Sofortinformation - Telefonkonferenz des Geschäftsführenden Parteivorstandes am 22. September 2014

Liebe Genossinnen und Genossen, der Geschäftsführende Parteivorstand tauschte sich über den Stand der Sondierungsgespräche in Thüringen und Brandenburg aus und zeigte sich überzeugt, dass die Landesverbände verantwortungsvoll mit der ihnen von den Wählerinnen und Wählern übertragenen Verantwortung umgehen.

Das Votum des SPD-Parteikonvents für das TTIP-Freihandelsabkommen muss als Generalvollmacht für Sigmar Gabriel gewertet werden, weiter zu verhandeln.

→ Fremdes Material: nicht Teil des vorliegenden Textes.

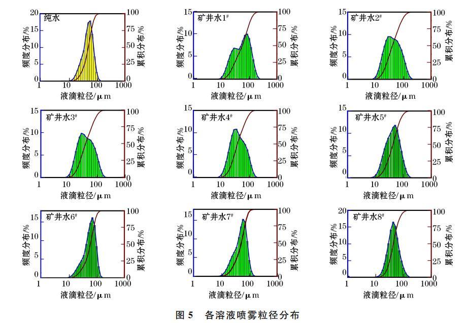 由圖4可知,純水、礦井水1#至4#、礦井水5#至8#表面張力平均值分別為57.73 mN/m、74.41 mN/m、66.03mN/m,純水表面張力明顯小于礦井水,隨著礦井水中Na+、K+數(shù)目減少,其表面張力顯著減弱。這是由于礦井水中Na+、K+離子濃度減小,靜電力吸附有效范圍擴(kuò)大,吸附作用隨之增強(qiáng),直至界面對(duì)離子的吸附作用逐漸大于排斥作用,因此表面張力呈現(xiàn)減小趨勢(shì)。由此可知,低離子濃度條件下,礦井水表面張力與其N(xiāo)a+、K+離子濃度呈正相關(guān)。在相同壓力條件下,表面張力決定霧滴粒徑分布,因此,純水噴霧霧化特性略優(yōu)于礦井水。綜上,礦井水中Na+、K+等離子濃度通過(guò)改變其表面張力間接影響噴霧霧化特性。針對(duì)煤礦井下粉塵治理,可將降塵用水進(jìn)行軟化除鹽處理后應(yīng)用于噴霧降塵,以期降低其表面張力,優(yōu)化噴霧霧化特性。

Mehr als enttäuschend ist, dass der DGB Gabriel dabei den Rücken stärkt, um innerhalb der SPD eine TTIP-freundliche Position durchzusetzen. Diese Entwicklung zeigt: DIE LINKE ist die Adresse des Widerstands gegen TTIP.

Angesichts des Einknickens der grün-roten Landesregierung von Baden-Württemberg im Bundesrat beim Asylrecht dankte der Geschäftsführende Parteivorstand dem rot-rot regierten Brandenburg dafür, der Einschränkung des Asylrechts die Zustimmung verweigert zu haben. Erkauft hatte sich die Bundesregierung die Zustimmung zur Ausweitung der Drittstaaten mit "Zugeständnissen" bei der Residenzpflicht, dem Sachleistungsprinzip im Asylbewerberleistungsgesetz und der Vorrangprüfung bei der Arbeitssuche. Diese "Zugeständnisse" sind jedoch das Papier kaum wert, auf dem sie stehen - vieles davon hätten die Länder, so auch Baden-Württemberg, selbst schon längst regeln können.

Den Angriff auf die Stadt Ain al-Arab (Kobane) durch die Truppen des IS betrachtet der Geschäftsführende Parteivorstand als Unterstützung der IS seitens der Türkei, die angeblich zur "Koalition der Willigen" gegen die IS gehört. Gleichzeitig blockiert die Türkei die Grenze für Hilfslieferungen. Der Geschäftsführende Parteivorstand erwartet von der Türkei, die Grenzen für Hilfslieferungen zu öffnen und von der Bundesregierung ein entsprechendes Einwirken auf den NATO- Mitgliedsstaat.

Am vergangenen Wochenende fand eine Vielzahl von Veranstaltungen statt. Am Freitag und Samstag kamen Tausende zum Fest der Linken, die Kreisvorsitzendenkonferenz mit über 100 Teilnehmerinnen und Teilnehmern kam zusammen, ein Neumitglieder-Treffen wurde organisiert, der Bundesausschuss tagte, das bundesweite Mentoringprogramm wurde gestartet. Zudem beteiligte sich die Partei an der Gegendemonstration gegen den "Marsch für das Lebens". Der Geschäftsführende Parteivorstand dankte den Mitarbeiterinnen und Mitarbeitern der Bundesgeschäftsstelle sowie allen, die zum Gelingen dieser vielen Aktionen und Veranstaltungen beigetragen haben, sehr herzlich für ihr großes Engagement.

Informiert wurde über den Abdruck einer Gegendarstellung der Parteivorsitzenden im Magazin DER SPIEGEL. Darin wird festgestellt, dass Katja Kipping das sogenannte No-Go-Papier nicht in Auftrag geben hat, es bis zum Zeitpunkt der Berichterstattung im SPIEGEL nicht kannte und die im Konzept mitgeteilten Passagen nicht ihrer Auffassung entsprachen.